My interest in S&W revolvers re-ignited when Linda bought me a pair of top-breaks last summer, one in .32 S&W and one in .38 S&W (dated about 1884…) These are double-action spur-hammer guns and she got the pair for about $225. In the past almost every gun store around here had a top-break or two languishing in their case. Generally these were ‘lesser’ brands of suspect quality and were quite cheap. Like most people I never gave them a second thought,  but I was impressed with the silky-smooth triggers and overall mechanical quality of these S&Ws. The were worlds and away better than the offerings of Ivor Johnson, US Revolver and others I was used to seeing. Checking around I discovered that while stocks in the stores had largely dried up S&W top-breaks were readily available and often quite reasonably priced online.
Shortly I set my sights on the Safety Hammerless model, particularly the rare Bicycle models with a 2″ barrel. That dream got squashed pretty quickly; these guns are priced right out of my reach! The I saw a cut-down 2nd model Safety Hammerless that had been parkerized and fitted with a Pachymer grip- a Steampunk Snubby!  Linda picked up a pair of 4th Model guns from Gunbroker (and learned to never bid on two guns of the same type at the same time…)  These guns are in no way rare or collectable (yet) so I had no compunctions about bobbing the barrels and fitting mine with a custom ergonomic grip. Linda’s gun has original Mother of Pearl grips, so we’ll fit it with a T-grip and the pearls eventually. For now it’s wearing a Hogue grip.
These little guns are great shooters (though ammunition is painfully expensive) and their character and quality have seduced me… but how many top-breaks does one really need? There is a rough-but functional .32 Double Action available at the moment for $50; modifying and refinishing this is a tempting project at that price.
All of this has gotten me looking at old S&W revolvers in a new light– and brought me to the realization that I have come too late to the game. The guns are mostly priced out of reach… My saving grace is that a local gun-shop gets in a lot of estate and consignment guns, mostly shooter-quality guns at prices that are at least not insane.
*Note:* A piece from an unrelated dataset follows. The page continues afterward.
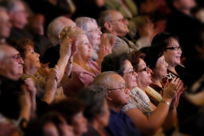 ![]() 戊子年大年初一,紐約觀眾在欣賞新唐人華人新年晚會 |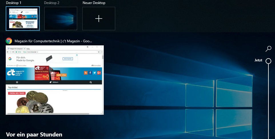 Zu finden ist die Funktion dort, wo früher die Task-View war: in der Startleiste neben dem Suchfeld oder über die Tastenkombination Windows+Tab. Cortana kann sich ebenfalls daran erinnern, in welchen Anwendungen man zuletzt gearbeitet hat.

Now we have a .38 Special 1905 M&P hand-ejector on lay-away. It was stupid-cheap because its collector value is shot. The gun is ‘ruined’ because it was bead-blasted and refinished at some point, but it’s mechanically excellent and has the best trigger I have ever felt on any revolver. If this is a ‘ruined’ gun I’ll take them all day long, and thank you very much! I don’t care if a bunch of collectors turn their nose up at it– I buy guns because I want to shoot them, so a ‘collector’ gun would be wasted on me anyway.
I do mourn the fact that most of the new S&Ws are out of reach, but lets face it- modern revolvers are mechanically complicated, and that means they are mostly going to be expensive. I’ll just have to settle for ‘undesirable’ old guns and some of the offerings of the like of Taurus, Astra and Rossi for my revolver fixes.  I think the top-breaks and ‘rough or ruined’ guns are going to go up eventually as people look for alternatives to the sky-high prices of the more desirable guns, but for now we average Joes can still get them.